Amazon はぶれていない。何の迷いもなくコンテンツの電子化をすすめる覚悟だ。しかし、従来の紙の本に慣れ親しんだ消費者の権利感覚と乖離している。また、日本においては法律との整合性も問題をはらんでいる。
ここでは Kindle と iTunes store を上げているが、他の電子書籍販売業者も同じだろう。
Kindleで購入した電子書籍は、実はユーザーのものではない « WIRED.jp
電子書籍の読者が購入しているのは、書籍タイトルのデータ自体ではなく、その利用を認めるライセンスにすぎない。そんなデジタルコンテンツの利用にまつわるリスクを改めて浮き彫りにする出来事があった。
ノルウェーに住むリン・ナイガードというITコンサルタントによると、彼女がアマゾンから「購入」したKindleの電子書籍が遠隔から消去され、彼女のアカウントも閉鎖されたという。具体的な理由は明らかでないが、ノルウェーに居住するナイガード氏が英国内のユーザー向けにライセンスされているコンテンツを利用していたことが、アマゾンの規約に触れたという可能性は考えられる。こういうケースでは、アマゾンは顧客が購入したライセンスを無効にできることになっている。
「アマゾンで書籍を購入」といえば、普通はその所有権も手に入れたと思うかもしれない。「1クリックでいますぐ購入」といった文言が、そんな誤解を増幅している可能性もある。だが実は、この認識は正しくない。ユーザーが対価を支払って手に入れるのは、コンテンツのライセンスであって、書籍自体ではない。Kindleストアの利用規約を読めばわかるが、Kinldeは書籍を販売するビジネスではない。
この点に関して、Amazon.comの規約では次のようになっている。Kindleコンテンツの利用について。
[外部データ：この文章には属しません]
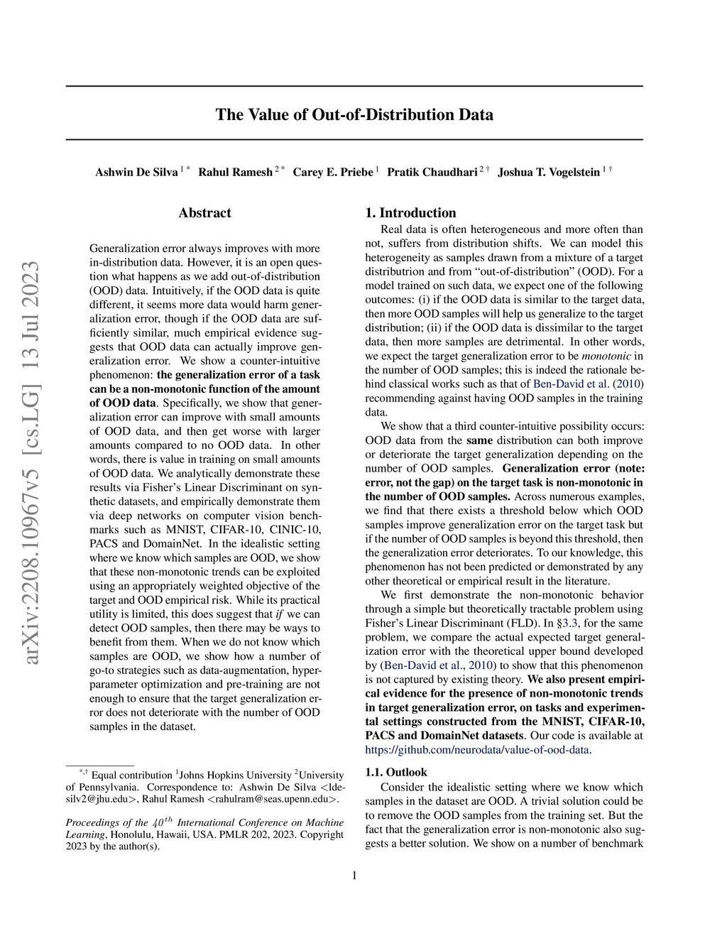We expect the generalization error to improve with more samples from a similar task, and to deteriorate with more samples from an out-of-distribution (OOD) task. In this work, we show a counter-intuitive phenomenon: the generalization error of a task can be a non-monotonic function of the number of OOD samples. As the number of OOD samples increases, the generalization error on the target task improves before deteriorating beyond a threshold. In other words, there is value in training on small amounts of OOD data. We use Fisher's Linear Discriminant on synthetic datasets and deep networks on computer vision benchmarks such as MNIST, CIFAR-10, CINIC-10, PACS and DomainNet to demonstrate and analyze this phenomenon. In the idealistic setting where we know which samples are OOD, we show that these non-monotonic trends can be exploited using an appropriately weighted objective of the target and OOD empirical risk. While its practical utility is limited, this does suggest that if we can detect OOD samples, then there may be ways to benefit from them. When we do not know which samples are OOD, we show how a number of go-to strategies such as data-augmentation, hyper-parameter optimization, and pre-training are not enough to ensure that the target generalization error does not deteriorate with the number of OOD samples in the dataset.

Kindleコンテンツのダウンロードや料金の支払いにあたって、コンテンツプロヴァイダーはユーザーにコンテンツの視聴や利用に関する非独占的な権利を付与します。これは、Kindleを含め規約で許可されたサーヴィスやアプリケーションのみに適用され、Kindleストアが定めたKindleやその他対応端末での非商用的な娯楽目的の利用のみが認められます。Kindleのコンテンツはライセンスされるのみで、コンテンツプロヴァイダーからユーザーに販売されるものではありません
アップルが運営するiBookstoreでも、コンテンツのライセンスに関するほぼ同様の取り決めがある。iTunesのサーヴィス規約には「アップルのソフトウェアは、ユーザーに書籍などのデジタルコンテンツのライセンス付与を行うiBookstoreへのアクセスを可能にします」とある。
つまりこれは、ユーザーが購入しているのは電子書籍を読む権利であって本そのものではないということであり、またアマゾンは規約違反の際の処置についても、はっきりと次のように記している。
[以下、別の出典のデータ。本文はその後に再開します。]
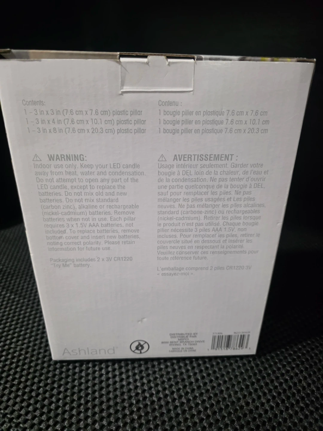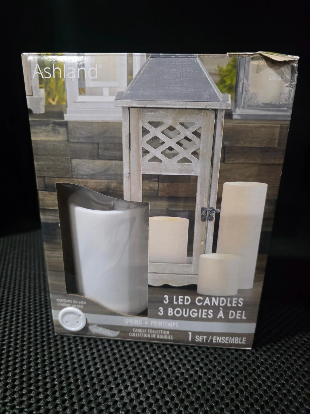 Set of 3 LED candles in plastic pillar style. Includes sizes 1-3 in x 3 in, 1-3 in x 4 in, and 1-3 in x 8 in. Packaging includes 2 x CR1220 try me batteries. check out my other listings for bundle offers!

ユーザーがアマゾンの規約に違反した場合、本規約におけるユーザーの権利は自動的に取り消されます。この場合、ユーザーのKindleストアやKindleコンテンツの利用やアクセスは停止され、アマゾンは返金等は行いません。
ユーザーは、そもそもコンテンツを所有していないため、それをコントロールすることもできない。そして、DRMで保護されたコンテンツは基本的にユーザーのものではない。この問題は昔から議論されてきたことだが、いまでもそれが事実であることに変わりはない。